Cool pics!!! I wish we could ride like that before nats. The first mud of the years is nats every year.


----------



## phreebsd (Dec 16, 2004)

great pics man. i loves me some water riding


----------



## bayou_boy_22 (Mar 13, 2009)

nice pics man. I have the itch bad.


----------



## Polaris425 (Dec 16, 2004)

awesome pics!


----------



## 650Brute (Dec 18, 2008)

Great Pics! Thats what my Brute looked like after this weekend..


----------



## TEXAN AVIATOR (Feb 25, 2009)

One more, low res version but badass!! Buddy took it. when the brute owned a nasty hole!!


----------



## Yesterday (Jan 2, 2009)

sick!


----------



## TC Powersports (Jan 22, 2010)

**** that is fun!


----------



## TX4PLAY (Jan 18, 2009)

TEXAN AVIATOR said:


> One more, low res version but badass!! Buddy took it. when the brute owned a nasty hole!!


 

Very Cool Picture! That 5 Dollah Hole Mud is NASTY!


----------



## derk (Nov 24, 2009)

Nice pics.

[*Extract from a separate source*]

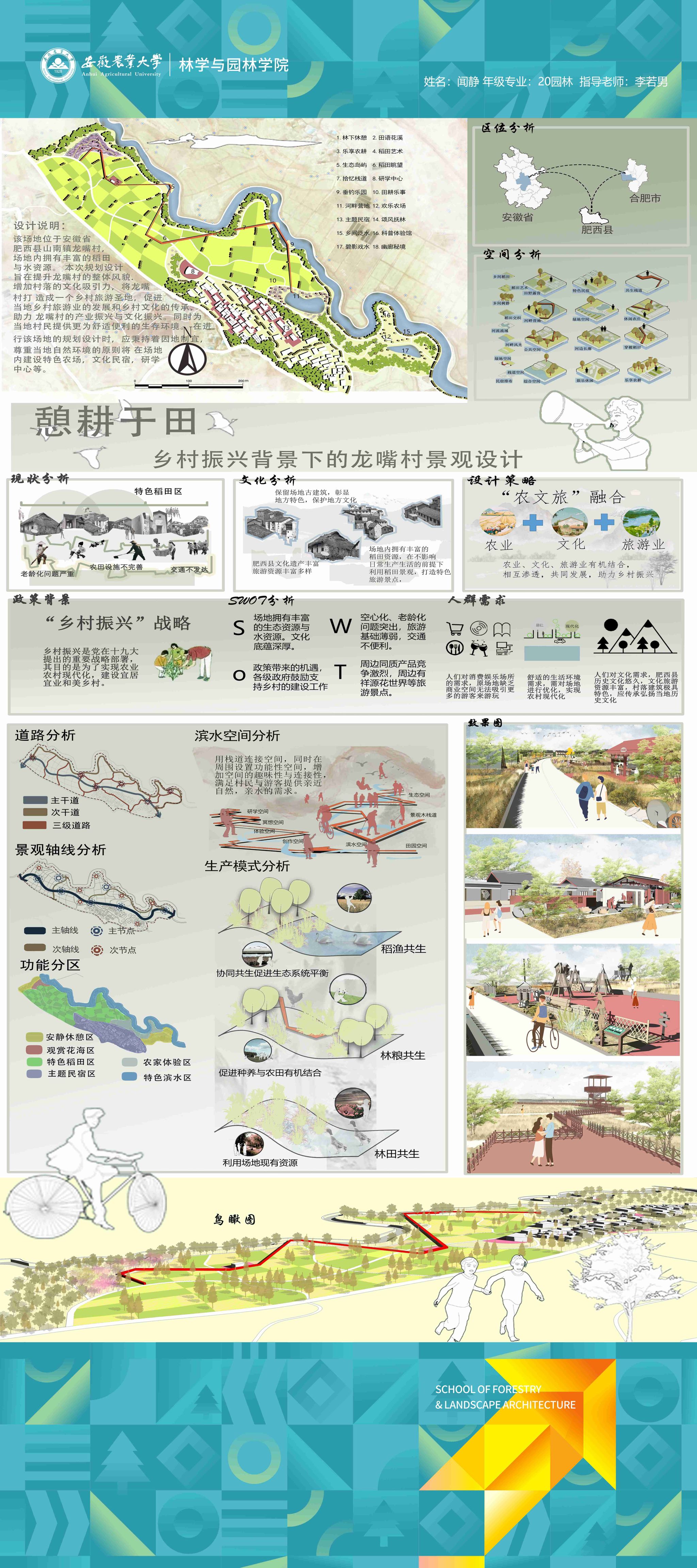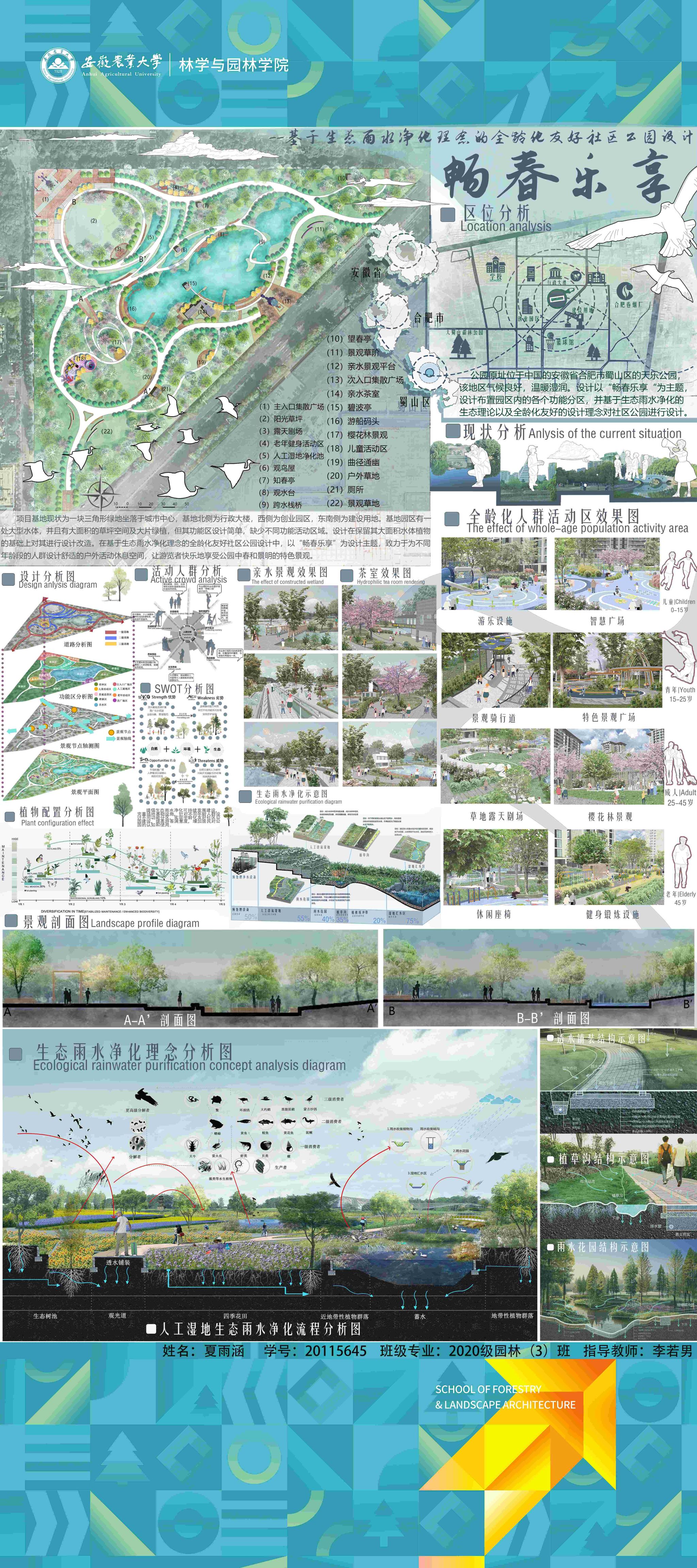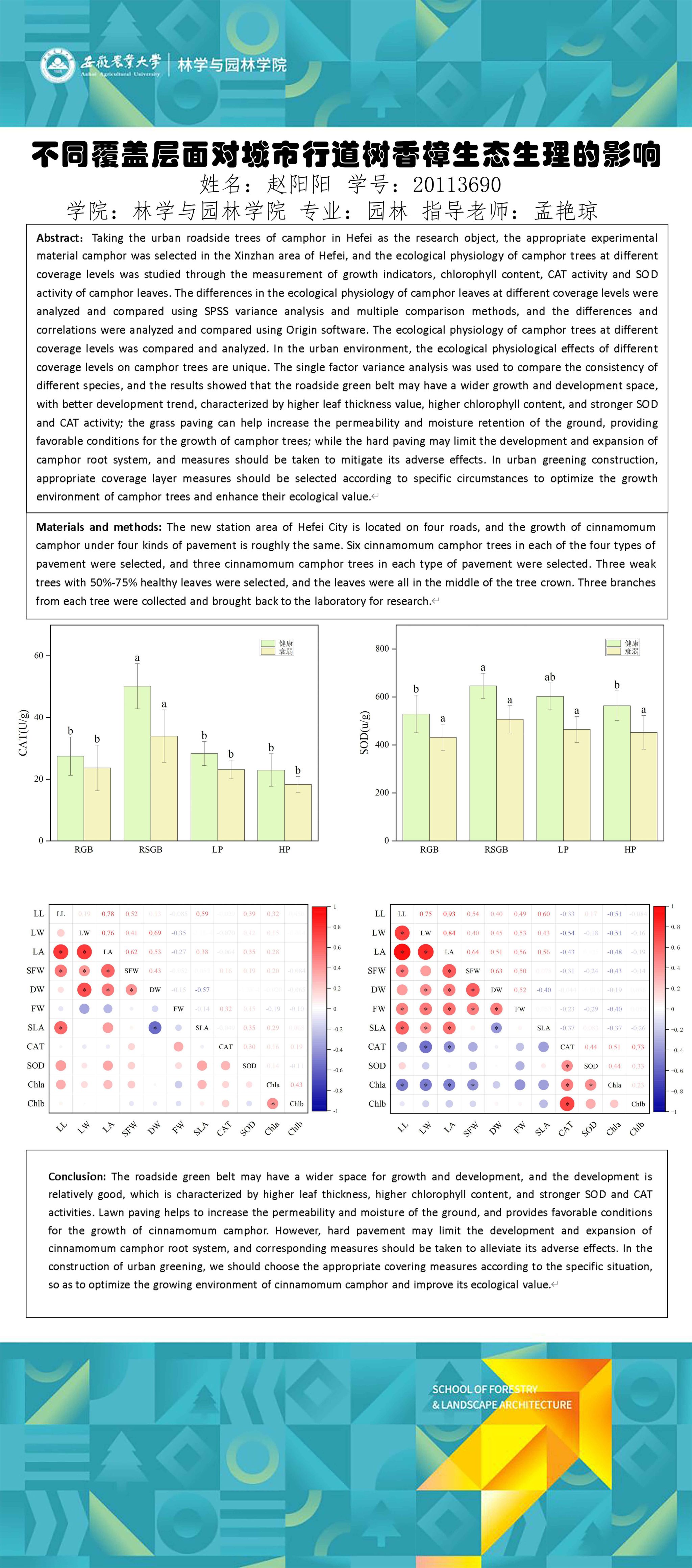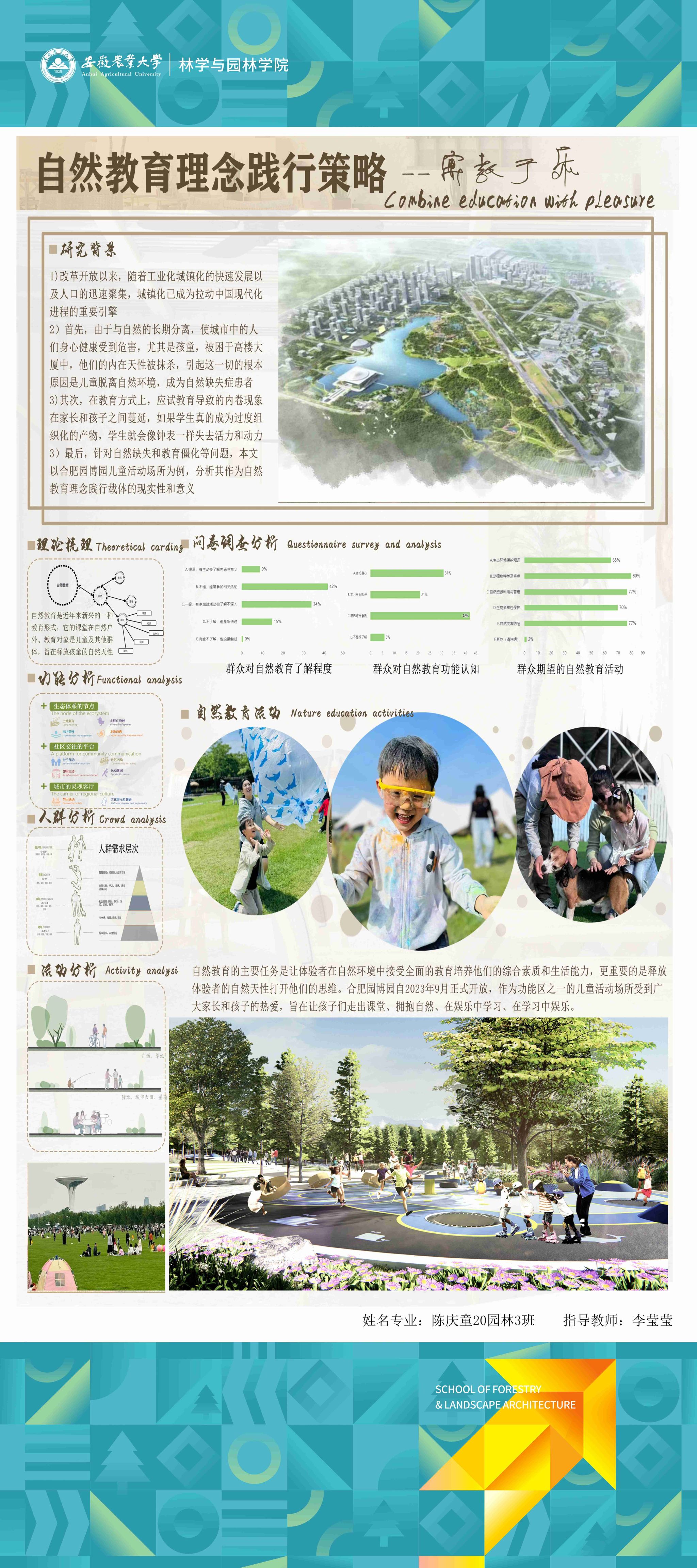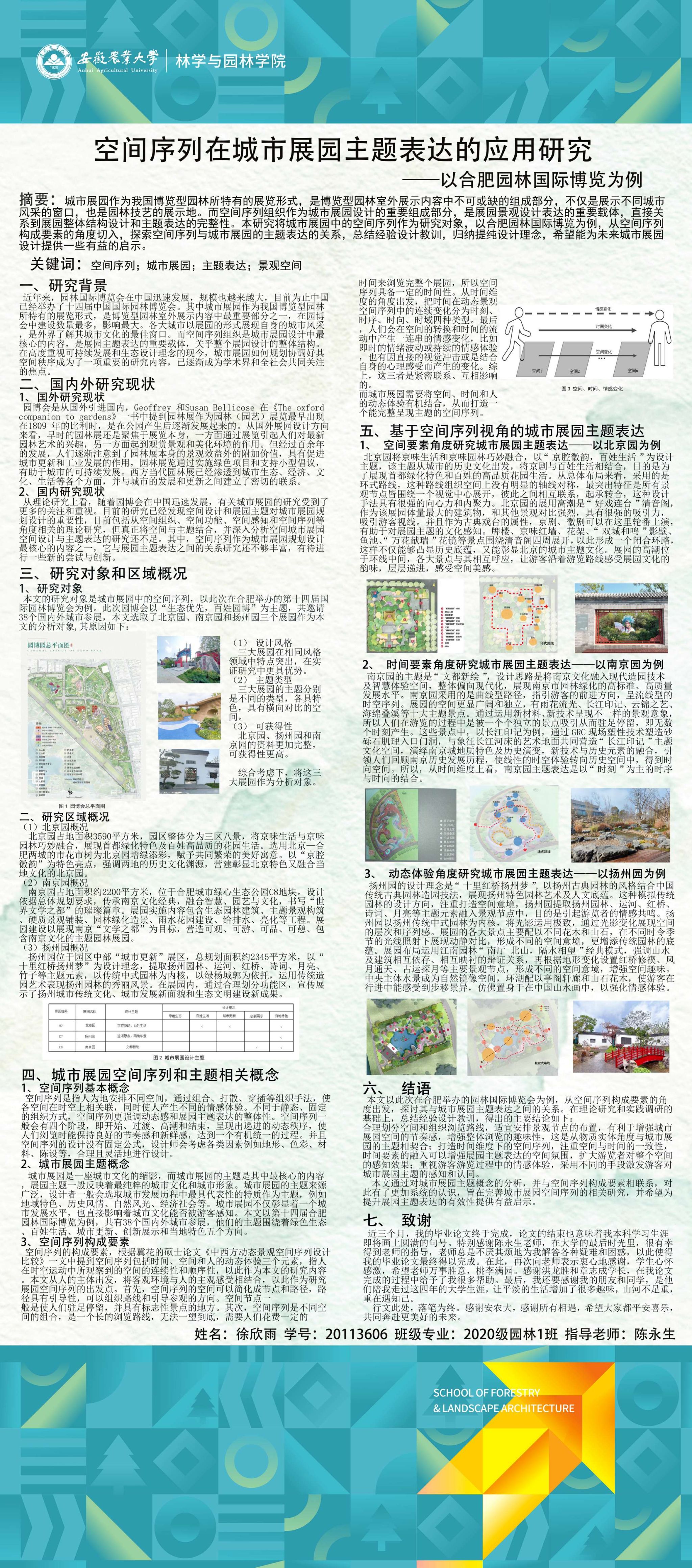 园林专业为国家级一流专业,突出农、理、工、文、艺多学科交叉的多元联动培养优势,在风景园林规划设计、园林植物造景应用、风景园林工程建设与管理、园林植物繁育与栽培等方向处于国内同类院校的先进水平。本次本科毕业设计(论文)展包括园林规划与设计、园林植物种质资源创新、园林植物生理生态、园林自然教育、园林植物遗传育种等多个方向。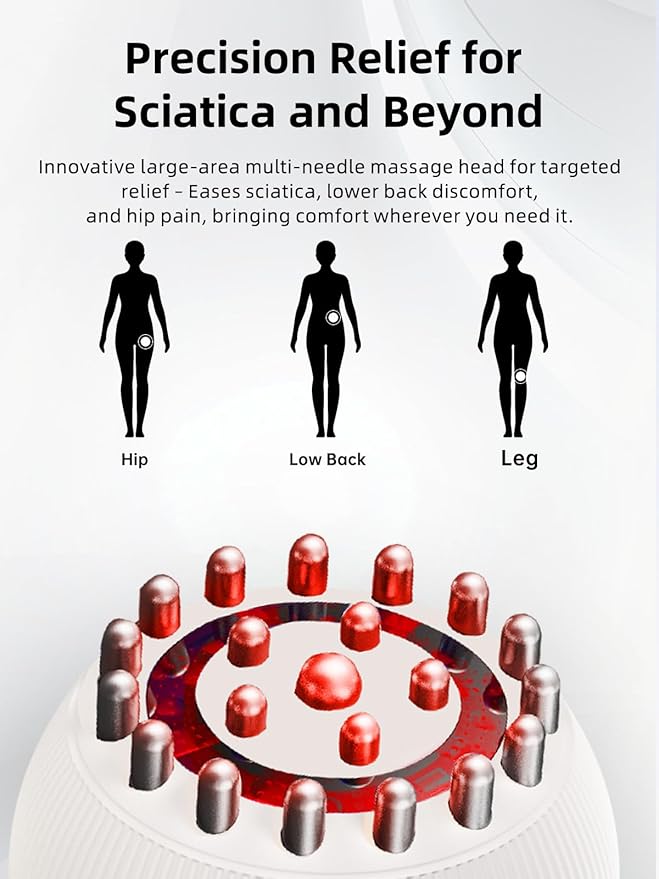 - Comprehensive Sciatica Pain Relief: This SoothingPulse massager is a sciatica pain relief device designed to target sciatica, sciatic nerve pain, lower back, and leg pain. Its combination of pulse, heat, vibration, and light therapy provides deep tissue relief for sciatica pain, helping to reduce inflammation, ease muscle tension, and improve circulation.

Looks like ya'll had a good time


----------



## CanAmChris (Jan 27, 2009)

great pics.. Wish we had somewhere like that to ride around here


----------



## 08GreenBrute (Jul 13, 2009)

looks like a great ride!!


----------



## cmcateer03 (Jan 8, 2010)

whats up with the football on front rack lol?


----------



## sjf323 (Mar 11, 2009)

Helps the front end float...........LOL


----------